Keep each line of the material that includes "have", and leave out the rest.

··· Material shown ···

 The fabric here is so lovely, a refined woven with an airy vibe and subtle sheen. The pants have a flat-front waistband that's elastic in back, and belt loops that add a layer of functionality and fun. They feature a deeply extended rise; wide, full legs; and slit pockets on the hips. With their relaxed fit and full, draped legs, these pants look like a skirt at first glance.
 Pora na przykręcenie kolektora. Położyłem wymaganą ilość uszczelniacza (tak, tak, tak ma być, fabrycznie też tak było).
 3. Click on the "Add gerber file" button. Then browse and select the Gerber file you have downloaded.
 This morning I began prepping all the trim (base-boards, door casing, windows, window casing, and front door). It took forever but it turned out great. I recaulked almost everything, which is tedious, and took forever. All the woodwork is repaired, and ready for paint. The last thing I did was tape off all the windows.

···
··· Material shown ···

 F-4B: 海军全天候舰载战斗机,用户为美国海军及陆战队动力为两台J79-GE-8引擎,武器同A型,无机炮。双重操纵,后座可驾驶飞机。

···

== Result for this task ==
 The fabric here is so lovely, a refined woven with an airy vibe and subtle sheen. The pants have a flat-front waistband that's elastic in back, and belt loops that add a layer of functionality and fun. They feature a deeply extended rise; wide, full legs; and slit pockets on the hips. With their relaxed fit and full, draped legs, these pants look like a skirt at first glance.
 3. Click on the "Add gerber file" button. Then browse and select the Gerber file you have downloaded.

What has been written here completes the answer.